Sunday, September 20, 2009

Order Allowing Discovery Of Financial Information Of Non-Party Quashed

In Rappaport v. Mercantile Bank (2D09-609), the Second District granted a petition for certiorari and quashed the trial court's order that "improperly authorized Mercantile Bank (the Bank) to obtain personal financial information and documents from a nonparty that are unrelated to any claim or defense in the pending action and that have not been shown to be reasonably calculated to lead to the discovery of admissible evidence."

The bank loaned $2,438,000 to Clearwater City Homes which Mr. Rappaport guaranteed.  Mrs. Rappaport did not guarantee the loan.  In October 2008, the bank sued Mr. Rappaport and Clearwater City Homes.  The noticed Mrs. Rappaport for deposition and the two defendants filed a motion for "protective order concerning the proposed deposition of Mrs. Rappaport, noting that she 'is not a party to the transaction or involved in the loan at issue in any respect.' CCH and Mr. Rappaport objected to the taking of Mrs.

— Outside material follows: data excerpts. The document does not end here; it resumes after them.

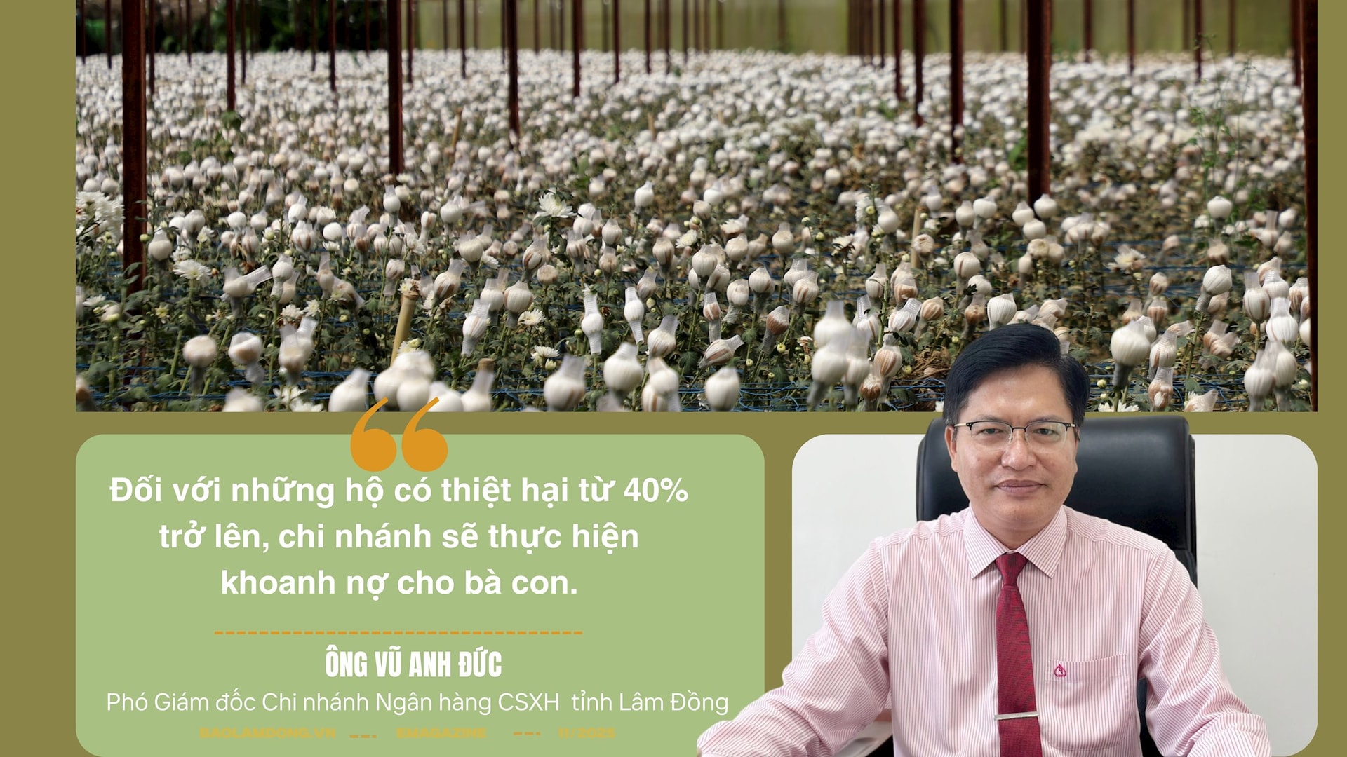 "Đối với những hộ có thiệt hại từ 40% trở lên, Chi nhánh sẽ thực hiện khoanh nợ cho bà con”, ông Vũ Anh Đức, Phó Giám đốc Chi nhánh Ngân hàng CSXH tỉnh Lâm Đồng.
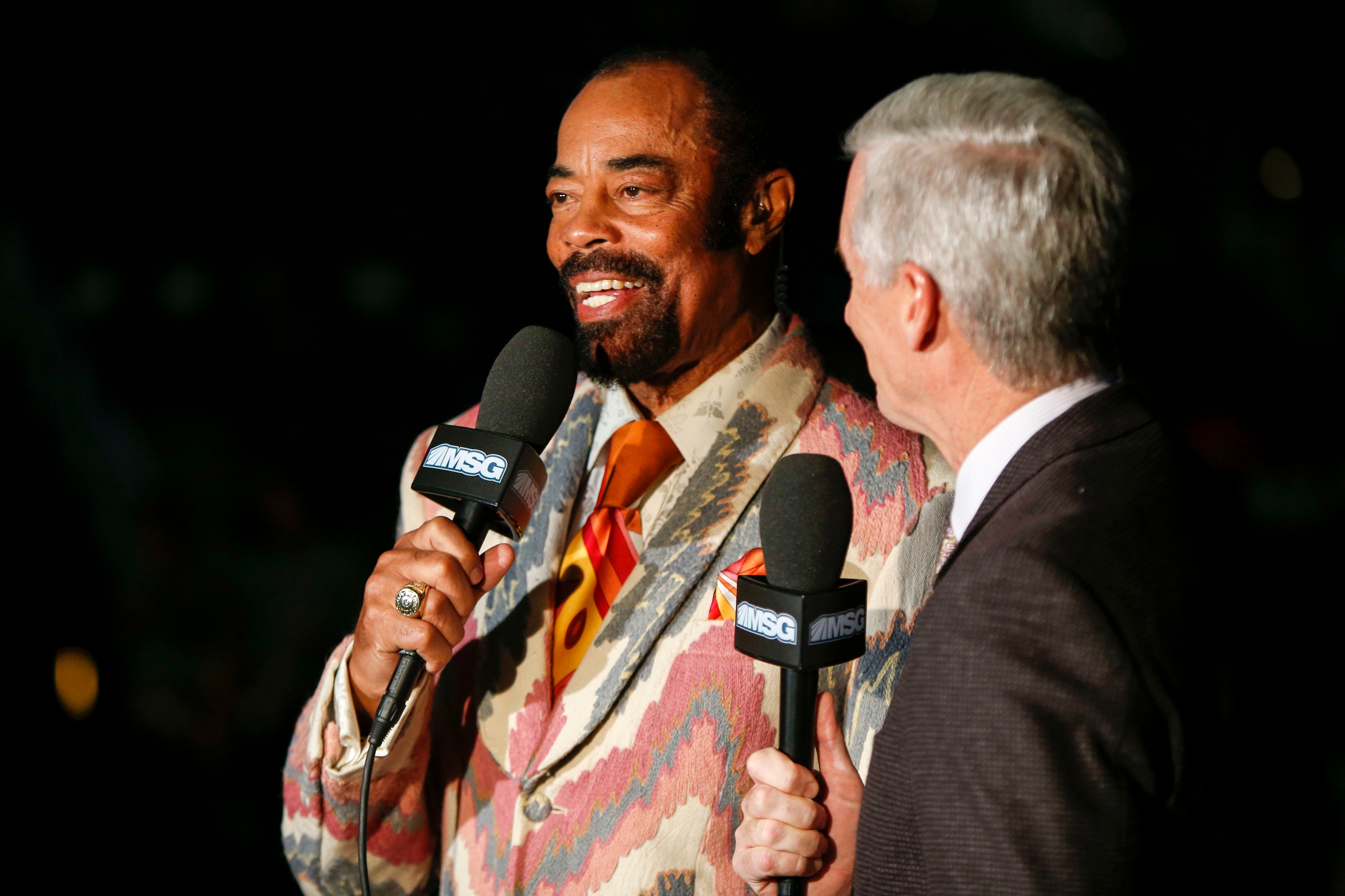 Nov 24, 2017; Atlanta, GA, USA; New York Knicks color commentator and former player Walt Frazier broadcasts prior to a game between the New York Knicks and the Atlanta Hawks at Philips Arena. Mandatory Credit: Brett Davis-USA TODAY Sports / Brett Davis
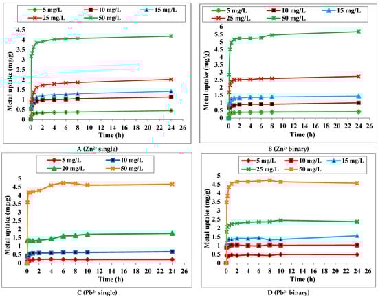 The relationship between the initial Zn2+ and Pb2+ concentrations and the equilibrium metal absorption of Streptomyces sp. for both single and binary metal biosorption systems was investigated. The amount of Streptomyces sp. used in this study was 0.25–4 g. Similar outcomes for Cd (II) removal were reported by [], employing cuttlebone and the alga Anabaena sphaerica, respectively. The biosorption process is facilitated by the higher thrusting force caused by the increasing variations in metal concentration between the cell surface and the bulk solution [].

Rappaport's deposition on the ground that 'she does not maintain any information that is reasonably calculated to lead to the discovery of admissible evidence'."  The trial court denied the motion for protective order.
The Second District held:
"[P]ersonal finances are among those private matters kept secret by most people." Woodward v. Berkery, 714 So. 2d 1027, 1035 (Fla. 4th DCA 1998) (citing Winfield v. Div. of Pari-Mutuel Wagering, 477 So. 2d 544 (Fla. 1985)). The right of privacy set forth in article 1, section 23, of the Florida Constitution "undoubtedly expresses a policy that compelled disclosure through discovery be limited to that which is necessary for a court to determine contested issues." Id. at 1036. It follows "that the disclosure of personal financial information may cause irreparable harm to a person forced to disclose it, in a case in which the information is not relevant."
Although the discovery of Mrs. Rappaport's personal financial information might be relevant to a fraudulent transfer claim, the Bank has not made such a claim against Mrs. Rappaport in any pleading. The circuit court's order improperly allowed the Bank to "piggyback" the discovery that might be appropriate to a claim under the UFTA onto their contractual claims against CCH and Mr. Rappaport.
The circuit court's order departs from the essential requirements of law because the order requires Mrs. Rappaport, a nonparty, to disclose personal financial information that is neither relevant to the Bank's claims nor reasonably calculated to lead to the discovery of admissible evidence. To the extent that the circuit court's order requires Mrs. Rappaport to disclose her personal financial information, it undeniably violates her right to privacy. The disclosure of Mrs. Rappaport's personal financial information may cause irreparable harm which cannot be remedied on appeal. Accordingly, we quash the circuit court's order to the extent that it requires Mrs. Rappaport to provide information about her personal finances and to produce her personal financial records.